He added that with the UPA-Left Committee on nuclear deal slated to meet on October 5 and October 14, "an attempt is being made to grapple with the issues which we have posed before the committee."
"We have put down our objections and they have replied to that. The process is going on but the government should not proceed till all the issues are resolved at the meeting," said Karat.
The CPI-M leader said that the Central Committee has authorised the Politburo to take 'appropriate measures' to ensure its stand was implemented. Asked what the appropriate measures would be, Karat said it would depend on the government's future course of action. "When the time comes, we will tell the nation," he said.
Karat added that the question of withdrawal of Left's support to the government over the deal was not discussed at the meeting of the Central Committee.
He said, "There will be more meetings.
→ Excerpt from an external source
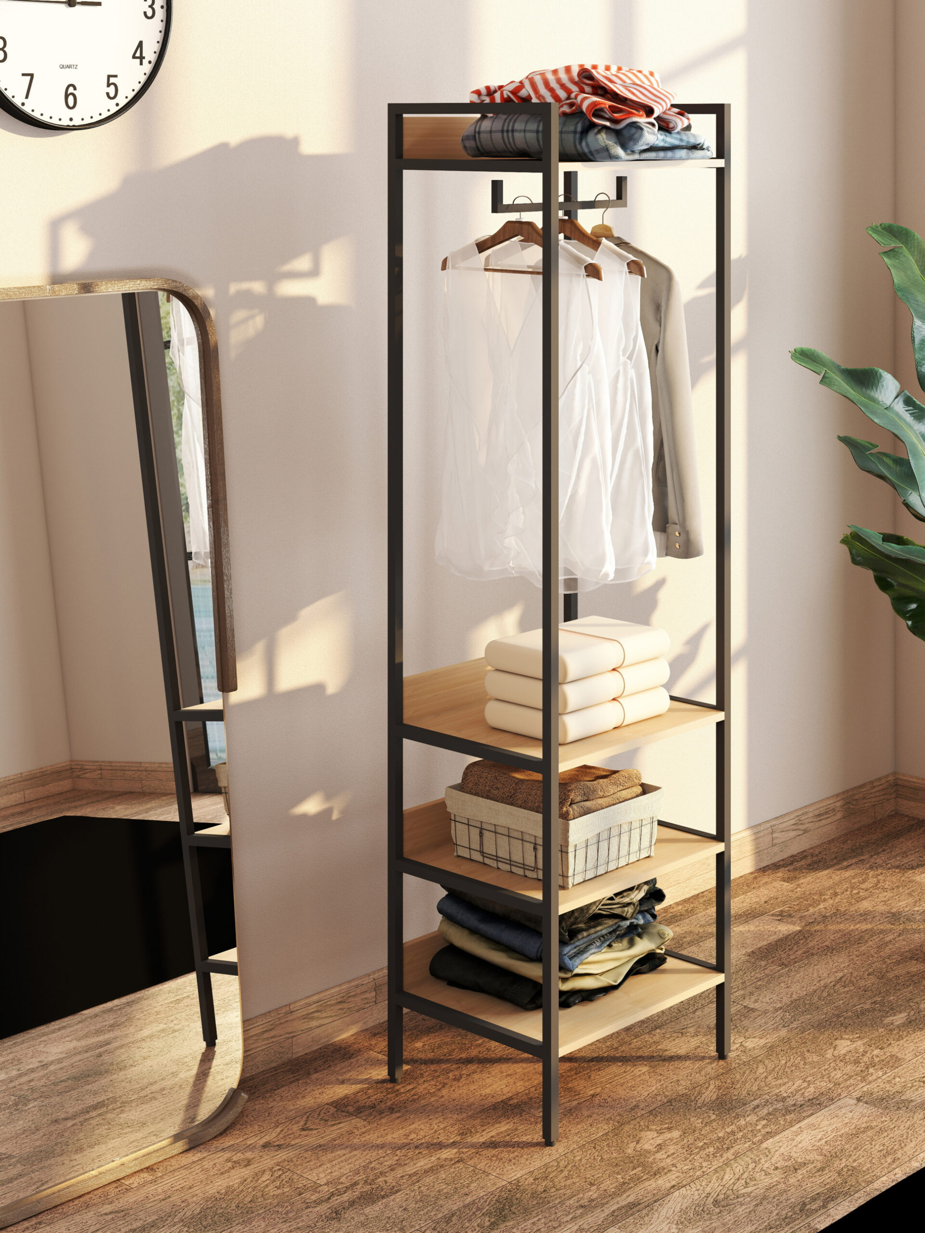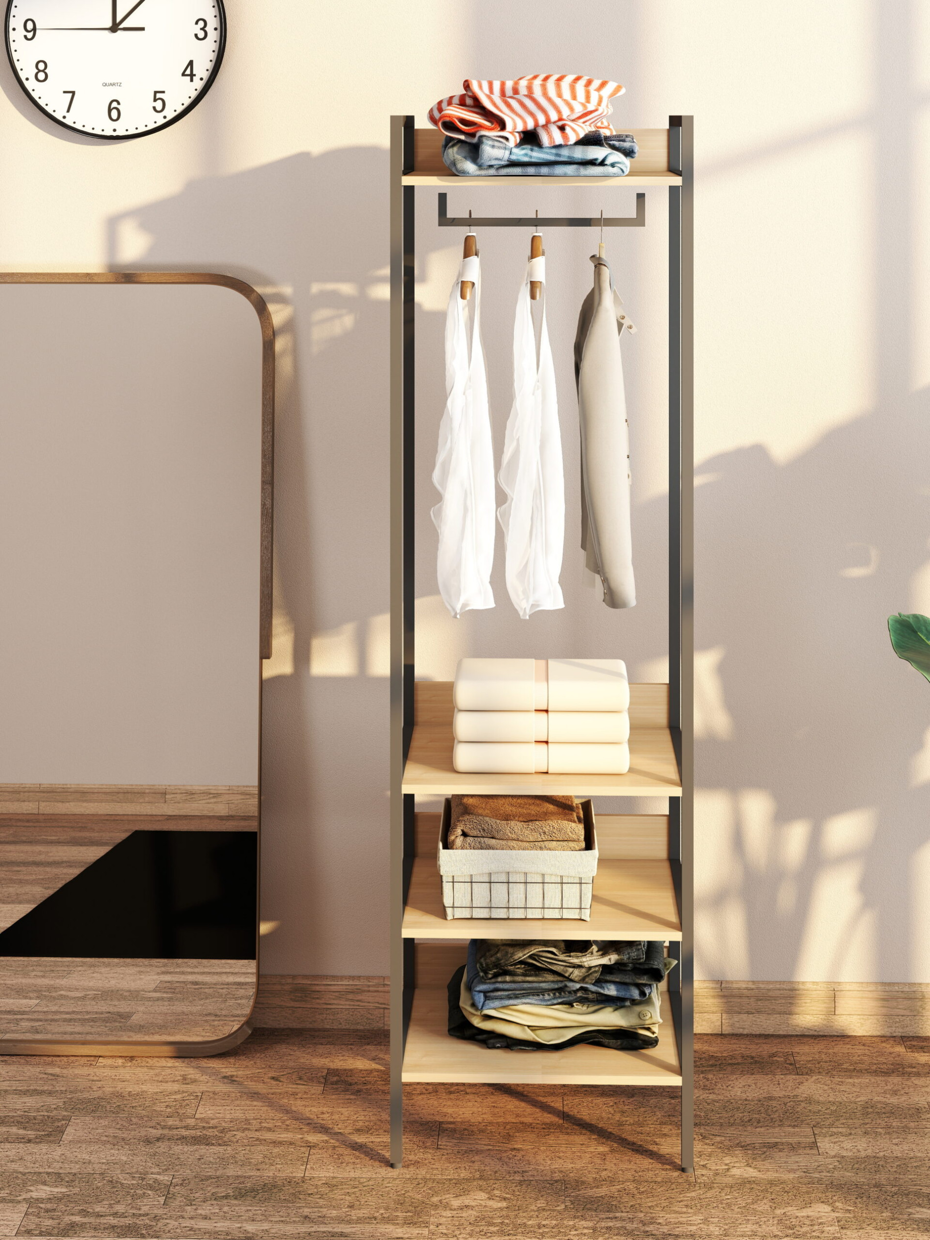 Cele patru niveluri permit depozitarea ordonată a diverselor obiecte — de la haine pliate până la cutii, genți sau încălțăminte. Designul deschis menține încăperea aerisită, asigurând în același timp o capacitate mare de depozitare.

It will be unfair to say that this will not achieve anything. And we are very clear that they should not proceed to the next step without resolving issues at the meeting."
On Prime Minister Manmohan Singh's [Images] statement that the government will proceed with the deal irrespective of the Left's objections, Karat retorted, "I don't have the luxury of writing interpretations of what the prime minister wants and what we want."
He said that the decision of the Central Committee was unanimous and the UPA government should not proceed with its negotiations with the International Atomic Energy Agency.
Putting the government in the dock for 'violation' of the Common Minimum Programme, Karat said the party has taken serious objection to major 'departures' which were the result of its pursuit of a strategic partnership with the United States.